This code produces the results presented in http://arxiv.org/abs/1409.5209 on the Caltech dataset (optical flow used; so it doesn't work on the INRIA dataset) with BING as the pre-processor.
If you use this code in your research, please cite our papers:
@inproceedings{PaisitkriangkraiSH14a,
author = {Sakrapee Paisitkriangkrai and
Chunhua Shen and
Anton {van den Hengel}},
title = {Strengthening the Effectiveness of Pedestrian Detection with Spatially Pooled Features},
booktitle = {Proc. European Conf. Comp. Vis.},
year = {2014},
ee = {http://arxiv.org/abs/1407.0786},
}
@inproceedings{PaisitkriangkraiSH14b,
author = {Sakrapee Paisitkriangkrai and
Chunhua Shen and
Anton van den Hengel},
title = {Pedestrian Detection with Spatially Pooled Features and Structured Ensemble Learning},
journal = {IEEE Transactions on Pattern Analysis and Machine Intelligence},
year = {2015},
ee = {http://arxiv.org/abs/1409.5209},
}
The current demo contains a few test images from Caltech Pedestrian data sets (set07, V004).

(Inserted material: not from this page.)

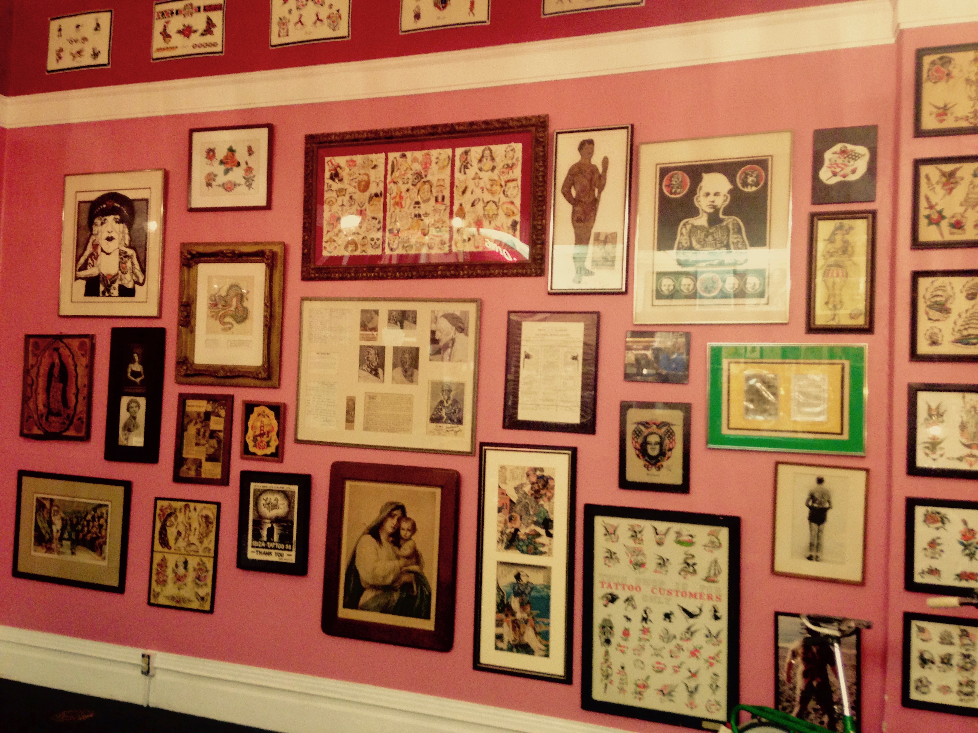 Je découvre alors des murs rose ancien tapissés de planches de tatouages.

(a) Compile optical flow source code if needed by (Precompiled files provided already! You may not need to compile your own version)
sh> ./mex_optical.sh
matlab> demo
WARNING: It may take 2 to 4 hours to get the result, depending on your machine. You should see a plot as below.
http://www.vision.caltech.edu/Image_Datasets/CaltechPedestrians/datasets/USA/
NB: set00-set05 are used for training and set06-set10 are used for testing see http://www.vision.caltech.edu/Image_Datasets/CaltechPedestrians/
The data set is in seq video format. Download MATLAB functions for read/write seq video files from http://vision.ucsd.edu/~pdollar/toolbox/doc/index.html
The code has been tested to run on Ubuntu 14.04LTS (kernel: Linux 3.13.0-39-generic #66-Ubuntu SMP x86_64 GNU/Linux), Matlab 2013a.